**Exercise goal:** If a picture appears, leave it out, and reproduce exactly the lines from the start of the listing below through the one bearing "Figure (1): The".

**Given data:**
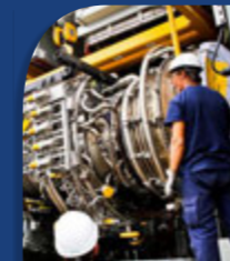
Oil & Gas/Refinery/ Petrochemical
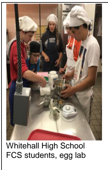
Whitehall High School FCS students, egg lab
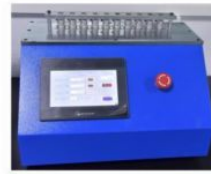
LIFE TESTER 寿命测试仪
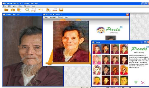
Figure (1): The different effects of filter groups from Virtual painter program

One of those programs, for example, is (Virtual Painter), whose idea is to provide sets of filters categorized into groups, including (oil and water colors, color separation, pastels, and digital art). Figure (1)
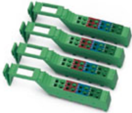
Connector set, for IB IL DI/DO 8, copper, with color print.

Please be informed that the data shown in this PDF Document is generated from our Online Catalog. Please find the complete data in the user's documentation. Our General Terms of Use for Downloads are valid ( http://phoenixcontact.com/download )
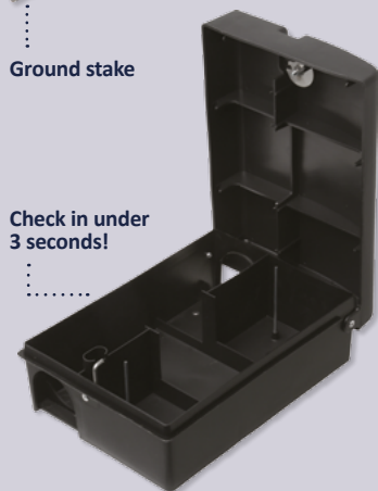
Check in under 3 seconds!

The Station can either be fixed direct to the floor through holes in the base, secured direct to a wall using a fixing bracket or secured with a ground stake.
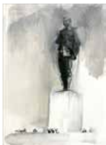
Zsolt Bodoni (Alesd, Romania 1975; lives and works in Budapest, Hungary), Stalin (small) , 2009. Acrylic on canvas, 15 3/4 x 12 inches. Knoxville Museum of Art, gift of David Hoberman.
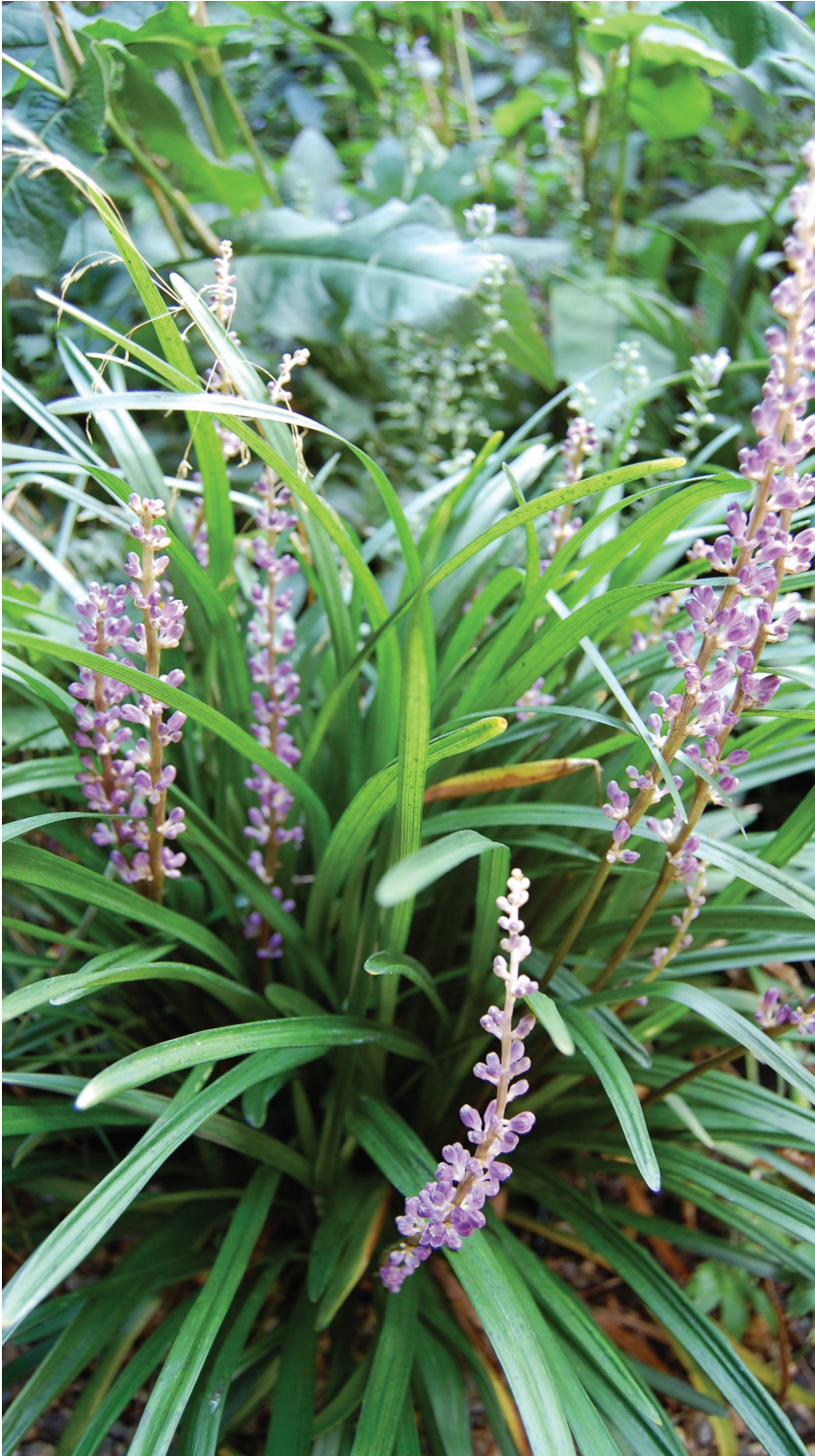
Liriope Super Blue in the landscape

**Result:**
Oil & Gas/Refinery/ Petrochemical
Whitehall High School FCS students, egg lab
LIFE TESTER 寿命测试仪
Figure (1): The different effects of filter groups from Virtual painter program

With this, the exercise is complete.